Cihaner ve Böke'den CHP'ye Meclis'i boykot çağrısı

CHP'li Selin Sayek Böke ve İlhan Cihaner, kurultay öncesi delegelere yaptıkları çağrıda, parti politikalarını eleştirdi, 'Meclis çalışmalarından çekilme değerlendirilmeli' dedi.

Cihaner ve Böke'den CHP'ye Meclis'i boykot çağrısı

HABER MERKEZİ- CHP İzmir Milletvekili Selin Sayek Böke ve CHP İstanbul Milletvekili İlhan Cihaner tarafından Kurultay öncesi delegelere, 'Kurultay ve gelecek için açık çağrı' başlığıyla yayınlanan metinde, olağanüstü koşullara uygun olağanüstü bir muhalefet örgütlenmesi gerektiğini belirtilerek, "Meclis’te aktif boykot, Meclis çalışmalarından çekilme ve benzeri demokratik araçlar parti kurullarında ciddi şekilde değerlendirilmeli" denildi.

gelecekicinbiz sitesinde yayınlanan ve CHP’nin kritik dönemeçlerdeki tavrının eleştirildiği açıklamada, Cumhurbaşkanlığı seçiminde aday belirlenmesinden, savaş tezkerelerine ilişkin tutuma, dokunulmazlıkların kaldırılması sürecindeki tavırdan, Yenikapı mitingine ilişkin tutumun ‘siyasetsizleşme sürecinin kalıcı bir politik çizgi ve yönetim tarzı hali’ olarak nitelendi.

'BU ÇÖKÜŞ TARİHSEL BİR FIRSAT YARATIYOR'

"Partimizin 36. Olağan Kurultayının delegelerine, tüm CHP üyelerine ve Türkiye’ye çağrımızdır; Geçmişi biz kurduk, geleceği de biz inşa edelim" ifadeleriyle başlayan çağrı metninde, "Devletler, sınırlar, kurumlar, kimlikler, değerler alt üst oluyor. Yeni dünya düzeni; şiddet, terörizm, göç, iklim değişikliği, artan eşitsizlikler, emeğin kazanılmış haklarının geriletilmesi, kimlik siyasetinin ön plana çıkmasıyla dönemimize damga vurdu. Ancak bu hegemonya çöküyor. Egemenler bu çöküşü, otoriter rejimler inşa ederek ve aşırı sağı güçlendirerek ertelemeye çalışıyor. Bir yandan da bu çöküş, ezilenlerin ve sömürülenlerin, sol değerler etrafında örgütlenmesiyle daha eşit, daha özgür, daha demokratik bir geleceğin kurulması için de tarihsel bir fırsat yaratıyor" denildi.

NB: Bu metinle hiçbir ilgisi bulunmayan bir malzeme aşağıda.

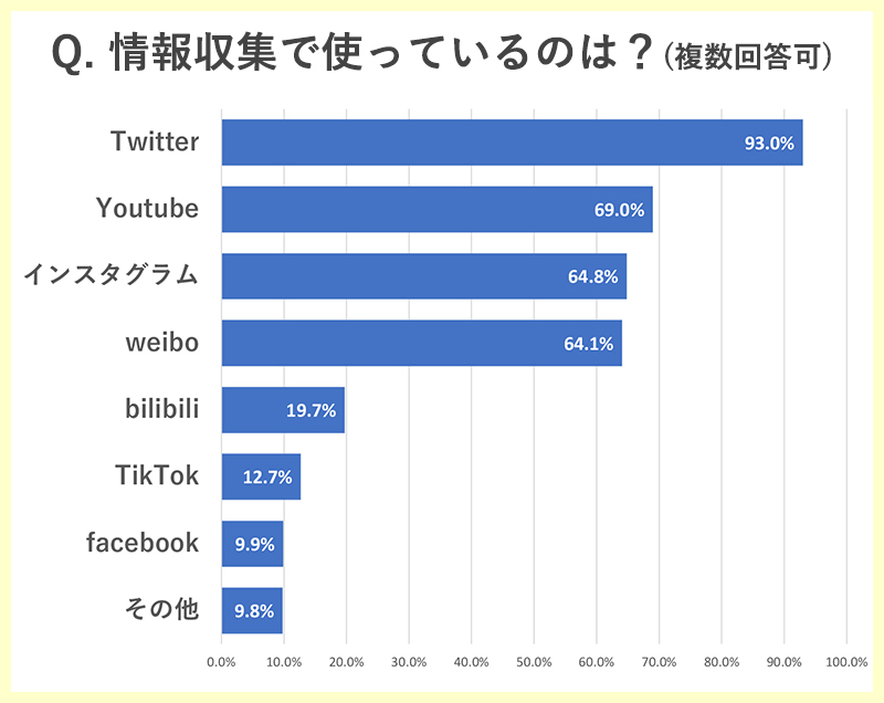 情報収集にはTwitterが広く利用されているようです。そして中国版Twitterとも呼ばれるWeiboも6割以上の方が利用。3位のインスタグラムに肉薄しました。Weiboの利用には言葉の壁があることを考えると、64.1%というのはかなり多いという印象を受けます。

'BU REJİMİN VAADİ DAHA FAZLA BASKI, YOKSULLUK, SAVAŞ'

"Bugün Türkiye’nin karşı karşıya olduğu eşitsizlik ve adaletsizlikler, Saray Rejimi’nin dayattığı neoliberal ekonomi anlayışı ve din istismarcısı siyasal İslam’ın tekçi, baskıcı dayatmasından kaynaklanıyor" denilen açıklamada, artık yapısal sınırlarına dayanan bu rejimin Türkiye'ye vaadinin, daha fazla hukuksuzluk, daha fazla baskı, daha fazla yoksulluk ve savaş olduğu ifade edildi.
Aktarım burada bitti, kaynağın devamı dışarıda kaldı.